#### [WHAT IS REQUIRED]
Repeat the entries below word for word, though any picture in them should be dropped.

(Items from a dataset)
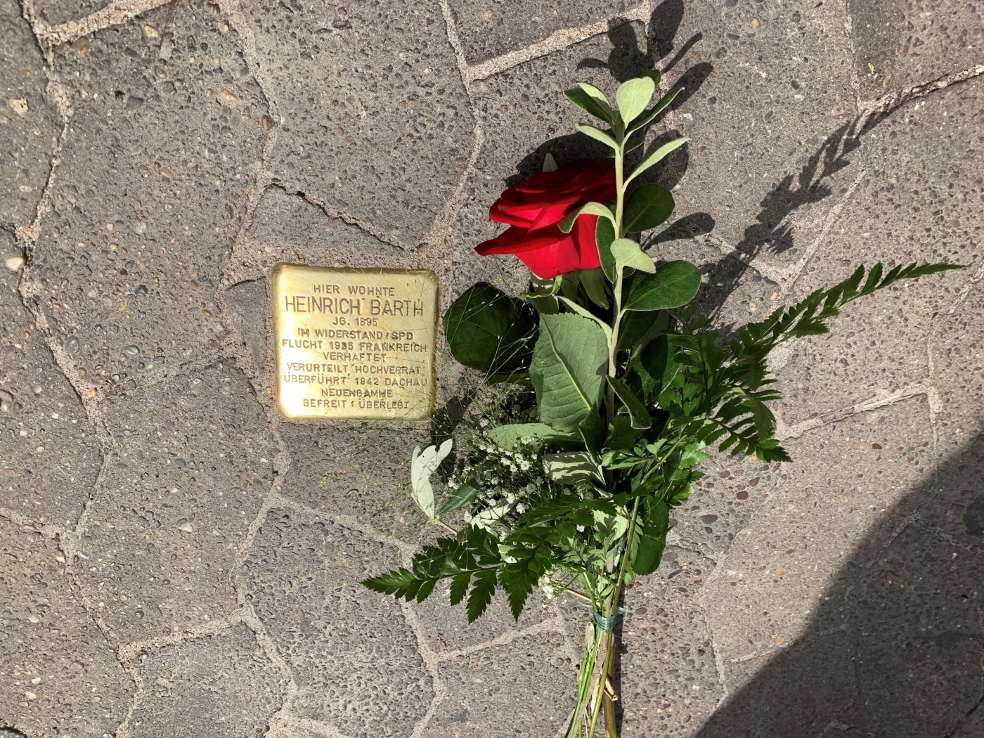 Sie erinnern an das Schicksal von Menschen, die von den Nationalsozialisten verfolgt, vertrieben und ermordet wurden. Die Gedenksteine würdigen Mathias Levy in der Hochstraße 147 und Heinrich Barth in der Bergstraße 27, die beide vor den Nationalsozialisten fliehen mussten.
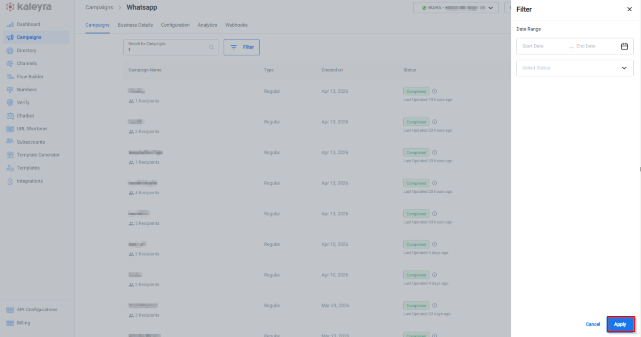 - Click Apply. The Campaigns list as per the selected filters appears.
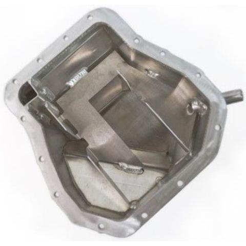 This Oil Pan holds 6 quarts of oil, up to a 40% increase in capacity over OEM, and was designed to work with our Ultimate Oil Pickup (OEM ones are known to break), but can be modified to work with the OEM pickup.
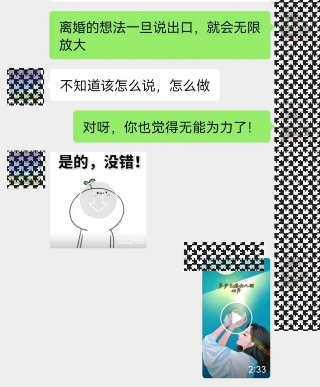 最近我一姐妹给我发消息,说想离婚了。
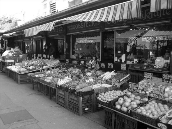 С собой пришлось взять весеннее пальто и сапоги, так как, по словам Фабиана, у них зима не такая холодная. За счёт разницы во времени я прилетела в Вену почти в то же время, что вылетела из Москвы. Фабиан встречал меня в аэропорту с букетом розовых хризантем. Мы обнялись и долго не могли перестать улыбаться, было так здорово осознавать, что глупое знакомство в интернете привело сначала его в русскую столицу, а теперь меня в австрийскую. Он был на машине, и мы сразу отправились на краткий осмотр города. Мы остановились на площади с открытым рынком, где продавали фрукты и овощи, аккуратно сложенные в деревянные коробки с надписями названия и цены, кое-что мне было знакомо, а кое-что я даже по-русски не знала, как называется.
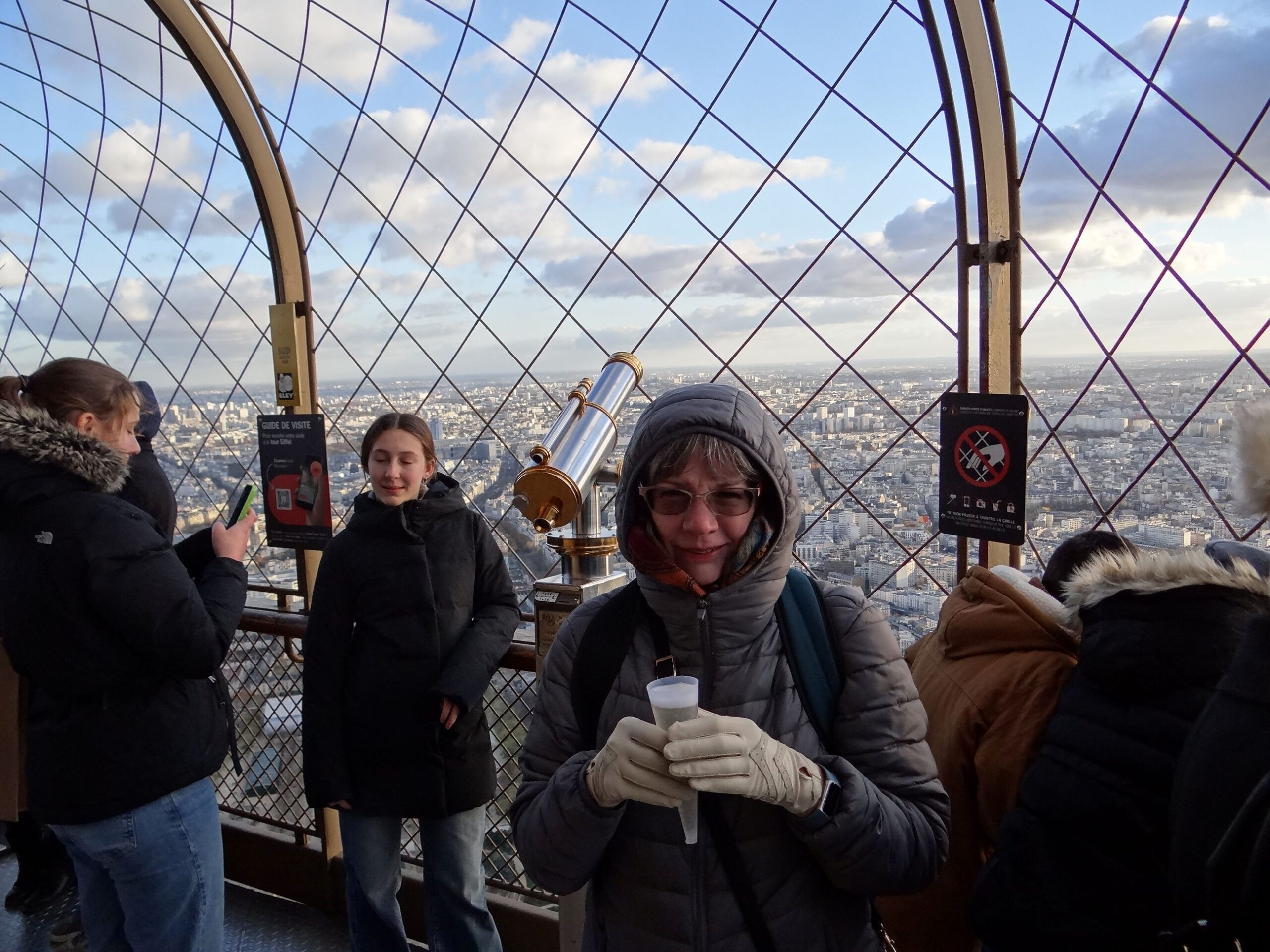 This was our second time at the top of the Eiffel Tower and we carried on the tradition of having a glass of champagne from the champagne bar at the top, even though we were freezing.

#### [REPLY TO THE TASK]
 Sie erinnern an das Schicksal von Menschen, die von den Nationalsozialisten verfolgt, vertrieben und ermordet wurden. Die Gedenksteine würdigen Mathias Levy in der Hochstraße 147 und Heinrich Barth in der Bergstraße 27, die beide vor den Nationalsozialisten fliehen mussten.
 - Click Apply. The Campaigns list as per the selected filters appears.
 This Oil Pan holds 6 quarts of oil, up to a 40% increase in capacity over OEM, and was designed to work with our Ultimate Oil Pickup (OEM ones are known to break), but can be modified to work with the OEM pickup.
 最近我一姐妹给我发消息,说想离婚了。
 С собой пришлось взять весеннее пальто и сапоги, так как, по словам Фабиана, у них зима не такая холодная. За счёт разницы во времени я прилетела в Вену почти в то же время, что вылетела из Москвы. Фабиан встречал меня в аэропорту с букетом розовых хризантем. Мы обнялись и долго не могли перестать улыбаться, было так здорово осознавать, что глупое знакомство в интернете привело сначала его в русскую столицу, а теперь меня в австрийскую. Он был на машине, и мы сразу отправились на краткий осмотр города. Мы остановились на площади с открытым рынком, где продавали фрукты и овощи, аккуратно сложенные в деревянные коробки с надписями названия и цены, кое-что мне было знакомо, а кое-что я даже по-русски не знала, как называется.
 This was our second time at the top of the Eiffel Tower and we carried on the tradition of having a glass of champagne from the champagne bar at the top, even though we were freezing.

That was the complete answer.